I know nothing about the pressures of being a grad student in an intensive field. I haven’t personally walked through the history she’s experienced. I’m not faced with the difficult choices she’s had to make. But I know how to nurture. Raising a lot of kids over the last 16 years has made me really good at that. It’s a gift I can offer, not just to little ones who need a temporary or permanent home, but to anyone God has called me to love.

This friendship doesn’t get me the public recognition of foster care. It doesn’t make people want to go out to coffee to talk about how their family could be doing what we’ve done. It has mostly flown under the radar and nobody has known all of the blessed hours we’ve spent together, the worried nights about how she was doing, the fun family outings that included this extra honorary family member. Loving an adult that needs what your family can offer is very different from taking in or birthing another child, but there’s also so much that’s the same.
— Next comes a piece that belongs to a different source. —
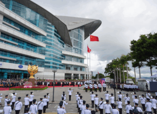 為慶祝香港回歸祖國28周年:灣仔金紫荊廣場舉行升旗儀式 ...

It’s about nurture. It’s about structure. It’s about healthy boundaries, failures, forgiveness, working through hard times, and experiencing joys together. It’s about growth on all sides.

For those of us with crazy, chaotic families, it’s easy to feel like we have nothing to offer the single person in our church. We’re too much and too overwhelming. But what if the warm, exciting, noisy tearful, joyful family experience is just what somebody needs? What if our desire to give love and nurture is meant to be used not just on our children, but as a gift we can give others in our circle? What if we took our ache at no longer having little ones and turned it into a curiosity about who needs exactly what we have to give?

Opening up your home, family and heart that way is not without risks. It’s not without difficult moments. But it’s also one of the most rewarding things I’ve been blessed to do. This is someone who doesn’t have to love me, isn’t preprogramed through years of relationship to trust me, doesn’t owe me anything. And yet, she chooses me. She chooses our family, even when it’s hard. By working through her own trauma honestly, she becomes an example to my children of resilience, humility, and faithfulness.

My heart will always be pulled towards the little ones, the voiceless, the ones who can’t advocate for themselves. But now my eyes are opened towards the needs of those who didn’t get what they needed during those early years for whatever reason. Even when I feel out of my depth and out of my mind to consider joining someone on their healing journey, I’ve seen how God can use exactly what I have to offer. I think that’s what it means to be the Body of Christ. I think that’s what the church is supposed to do. And I think when we do it, we become a light to the world around us.